Tue Jul 14, 2026 № 09 · Compliance Tech Vol I · Issue 09
Freight/Signal
 
 
 
Indiana · California What to adopt, what to ignore, what to comply with. A Logixtecs Publication

Good Tuesday, operators. Eight days from now, three FMCSA rules take effect at once — and you'll see all three written up as relief. I read them. Every one of them deletes a piece of paper and leaves the obligation behind it standing, and one quietly hands you a job the agency refused to do itself. Below: what actually changes in your cab, ten more ELDs revoked, the Clearinghouse checking who you say you are, Safe Driver Week running as you read this — and the free tool that found all three rules a month early.

— Freight/Signal Editorial

In today's issue

What the July 22 rules actually change in your cab
The list FMCSA was asked for — and refused to publish
Tool of the Week: let the Federal Register email you
The Market
On-highway diesel
$4.578
▼ 9.0¢ WoW
California diesel
$6.073
▼ 10.7¢ WoW
Dry van spot
$3.00/mi
▲ above contract ($2.89)
Flatbed spot
$3.69/mi
▲ all-time high

The Call. Diesel fell a fourth straight week to $4.578, with California off 10.7¢ to $6.073. On rates, June closed with dry van spot ($3.00) above contract ($2.89) for the first time since February 2022, and flatbed at an all-time high ($3.69). Why matters more than what, and DAT's Dean Croke draws the line: "If demand were driving this, volumes would be climbing too, and they're not." That's trucks leaving, not freight arriving. Take the fuel relief and the leverage — don't read a recovery into it. Sources: EIA, DAT.

Indicative figures. Public sources (EIA wk of Jul 6; DAT Jul 9 release, June data). Spot/contract rates shown all-in incl. fuel surcharge; linehaul-only equivalents are van $2.37, flatbed $2.94. Not a substitute for paid intelligence.

The Cold Open

Eight days from now, on July 22, three FMCSA rules take effect at once. You'll see them written up as relief: the ELD manual leaves your cab, CDL holders stop self-reporting convictions to their home state, and you stop mailing inspection reports back to states that never wanted them. I read all three. Here's what the write-ups miss. Every one of them deletes a piece of paper and leaves the obligation behind it standing.

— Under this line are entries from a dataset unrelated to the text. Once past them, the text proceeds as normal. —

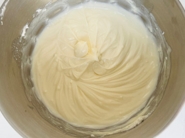 Перемешайте до однородности. Если используете миксер - взбивайте на низкой скорости. Так как если перевзбить сыр то от него может отделиться молочная сыворотка и продукты будут испорчены.
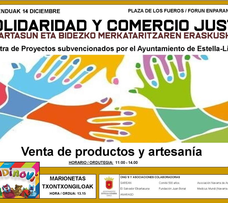 Este sábado día 14 de diciembre tendrá lugar la Muestra de Solidaridad y Comercio Justo 2019 en la plaza de los Fueros en horario de 11:00 a 14:00 y en la que participaran diferentes colectivos y ONG´s que realizarán una muestra de los proyectos subvencionados este año por el Ayuntamiento de Estella-Lizarra así como venta de productos y artesanías. También tendrá lugar una representación … Continúa leyendo La Plaza de los Fueros acoge este sábado la Muestra de Solidaridad y Comercio Justo
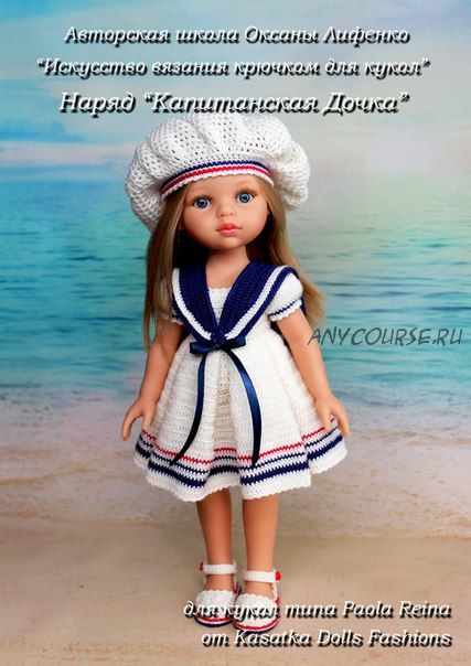 ? Вы свяжете красивое платье со складками и матросским воротничком, берет, сандалии и трусики для своей любимой куклы (или на заказ).
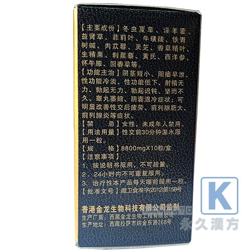 鹿茸、冬虫夏草、鹿鞭、虎鞭、千根草、黄精、東革阿裹、肉蓯蓉、龟甲、当帰、タツノオトシゴ等。男人腎宝の副作用
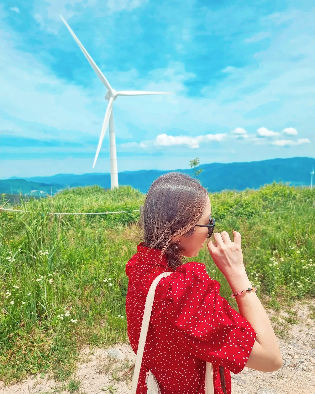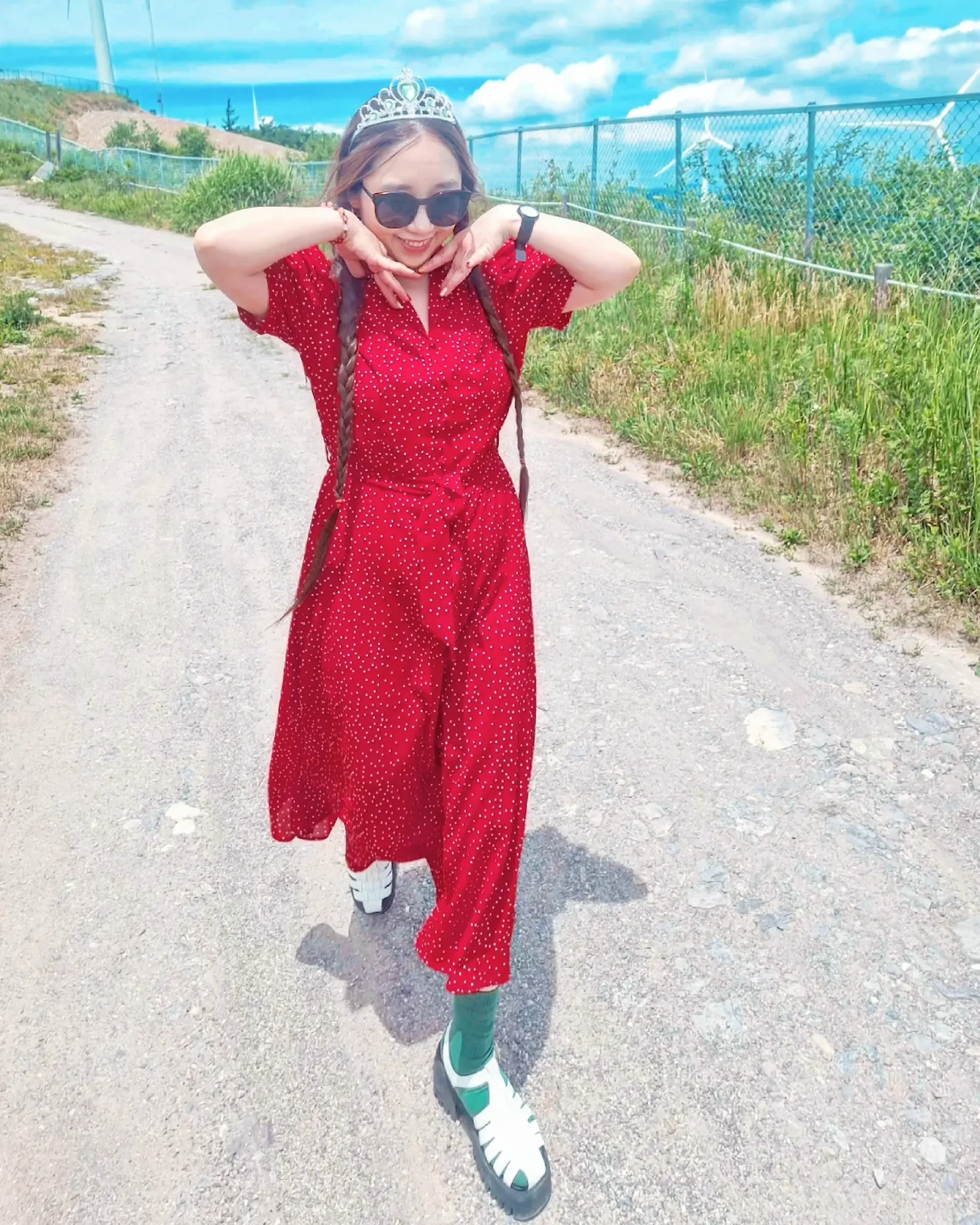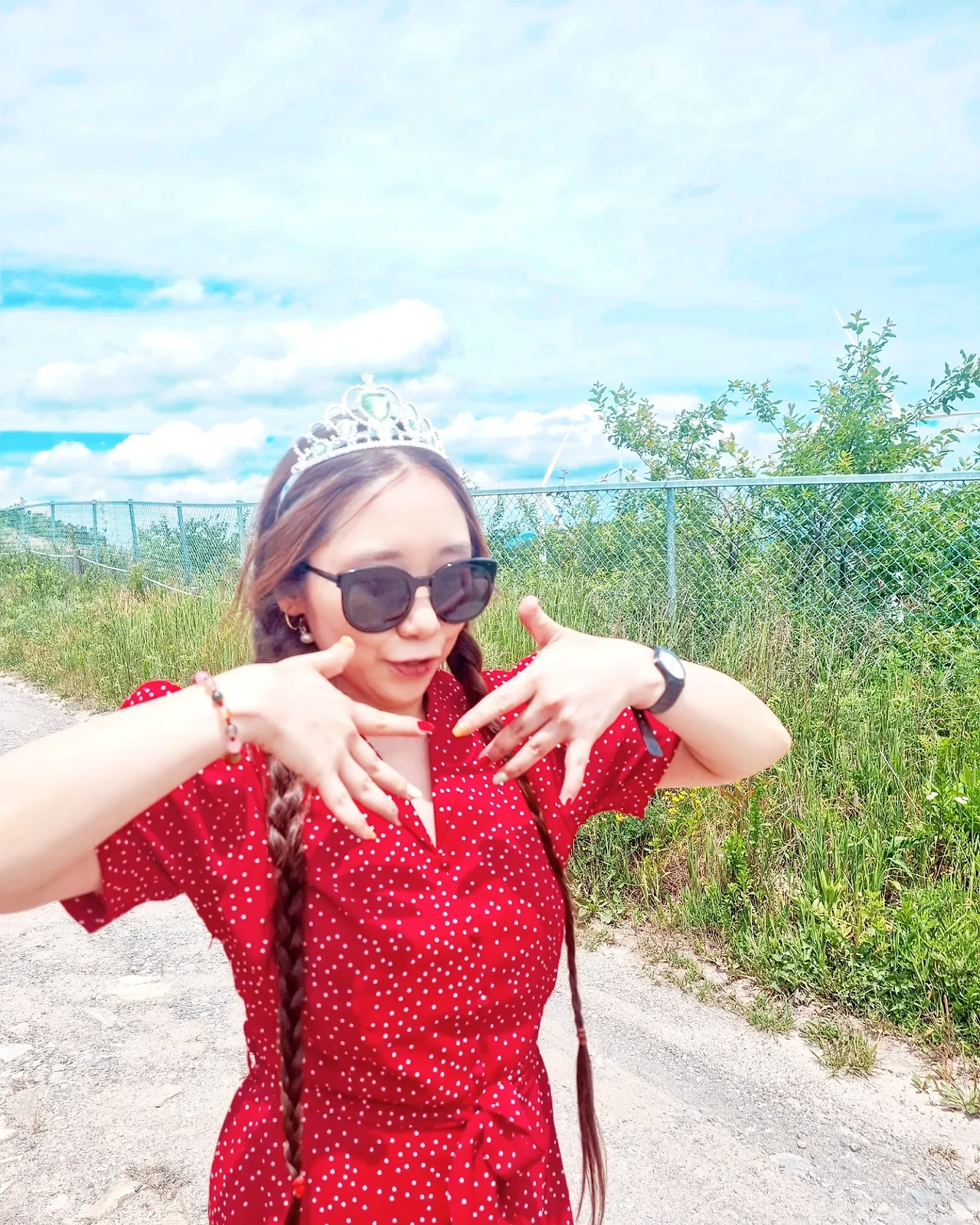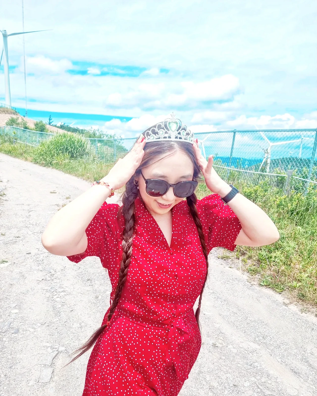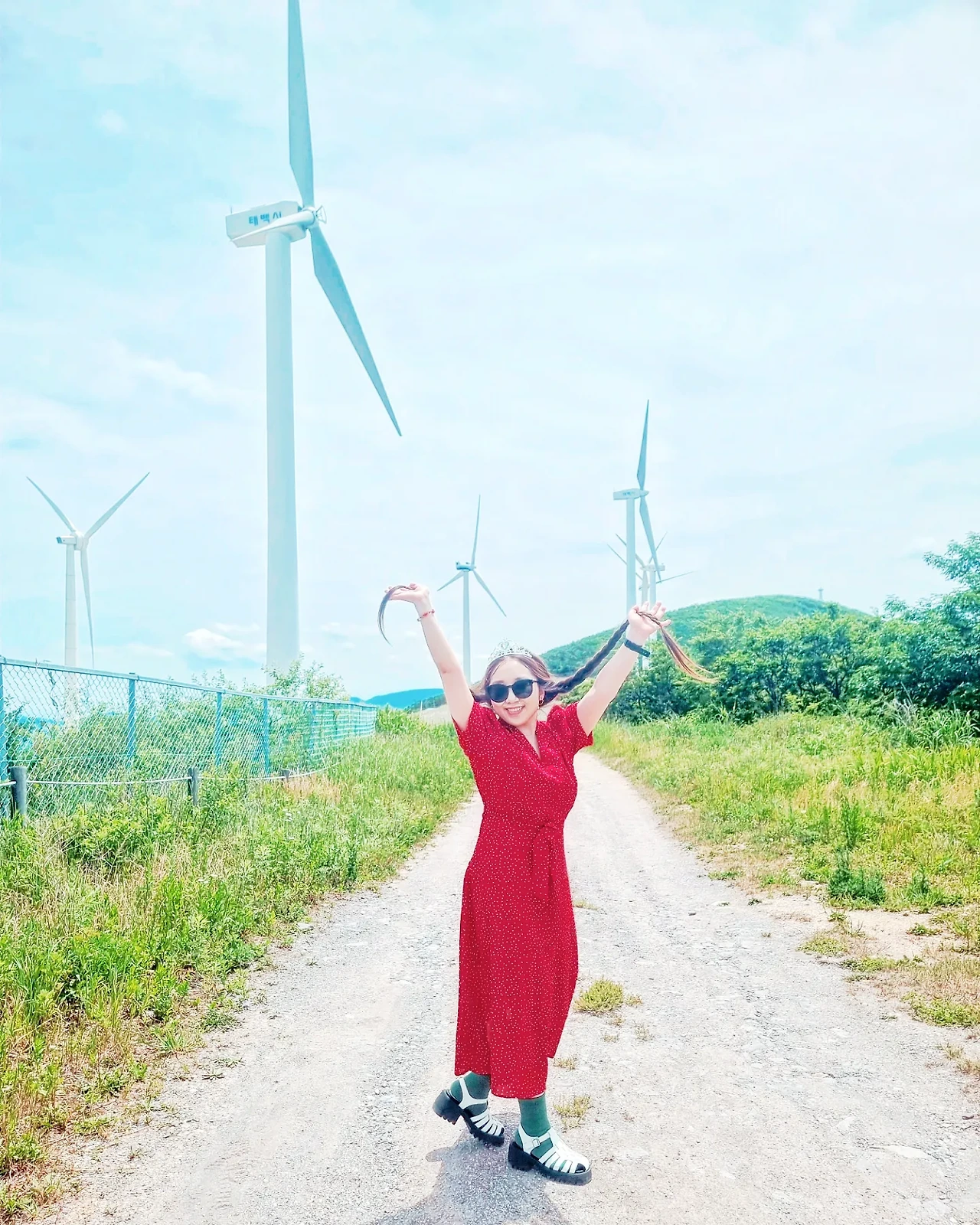 바람이 불어오는 느낌이 좋아서 나풀거리는 긴 치마를 입었다. 강렬한 색과 자연의 색이 조화를 이루고 반짝이는 왕관을 쓰니 동화 속 주인공이 된 것 처럼 묘한 기분이었다. 하늘과 산이 가까이 있고 바람이 부는 그 곳을 걸으며 하늘로 날아오르는 상상을 했다. 새가 될까, 꽃이 될까 허무맹랑하지만 귀여운 상상을 하며 그 길을 걸었고, 그렇게 우리들의 웃음 꽃은 멈추지 않았다.

And one of them quietly hands you a job the agency openly refused to do itself.

Three Signals
Signal 1 Carrier Fleet Compliance

Ten more ELDs revoked — and FMCSA admits the vetting is broken.

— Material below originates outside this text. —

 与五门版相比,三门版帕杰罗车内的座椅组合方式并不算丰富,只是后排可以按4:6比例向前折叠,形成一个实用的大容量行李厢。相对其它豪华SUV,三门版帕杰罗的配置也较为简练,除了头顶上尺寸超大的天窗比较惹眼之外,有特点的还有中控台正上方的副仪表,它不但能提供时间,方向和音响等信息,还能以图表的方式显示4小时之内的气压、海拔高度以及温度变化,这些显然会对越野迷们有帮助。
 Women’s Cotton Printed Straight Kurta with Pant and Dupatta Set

What: On July 9, FMCSA pulled 10 more devices off the registered ELD list — 45 revoked in 2026, and 82 since the start of 2025. Why it matters: the root cause deserves your attention — ELD self-certification lets a vendor list a non-compliant device, or re-register one that was already revoked. FMCSA now promises a "complete overhaul" of vetting, with no details and no word on whether self-certification survives. Do: check your device against the registered list this week. If it's revoked you're on paper logs now, and after September 8 a revoked device counts as no ELD at all — §395.8(a)(1), driver placed out of service.

Source: Land Line, CDLLife.

Signal 2 Fleet Compliance Executive

The Clearinghouse is checking who you say you are.

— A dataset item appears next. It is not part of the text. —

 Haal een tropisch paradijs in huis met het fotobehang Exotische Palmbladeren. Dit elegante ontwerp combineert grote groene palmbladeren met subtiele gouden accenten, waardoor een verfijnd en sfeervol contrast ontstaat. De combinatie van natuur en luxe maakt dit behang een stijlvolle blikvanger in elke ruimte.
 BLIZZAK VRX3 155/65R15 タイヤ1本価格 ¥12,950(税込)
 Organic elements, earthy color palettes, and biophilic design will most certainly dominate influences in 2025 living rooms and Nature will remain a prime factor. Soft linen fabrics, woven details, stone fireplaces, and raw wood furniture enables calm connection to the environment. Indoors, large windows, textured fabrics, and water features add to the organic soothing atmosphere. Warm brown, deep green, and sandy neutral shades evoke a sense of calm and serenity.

What: FMCSA is adding identity proofing — Login.gov plus IDEMIA, the vendor DHS uses at airports — to Drug & Alcohol Clearinghouse accounts, to kill off fake employer accounts used to bury violations. Why it matters: it hits employers, C/TPAs, MROs and SAPs, not CDL holders, who are already verified through their state. The deadline has already moved once. Do: don't wait for the new one. No Clearinghouse access means no pre-employment query — and that means you can't legally seat a new driver. It's the cheapest thing on this list to have already done.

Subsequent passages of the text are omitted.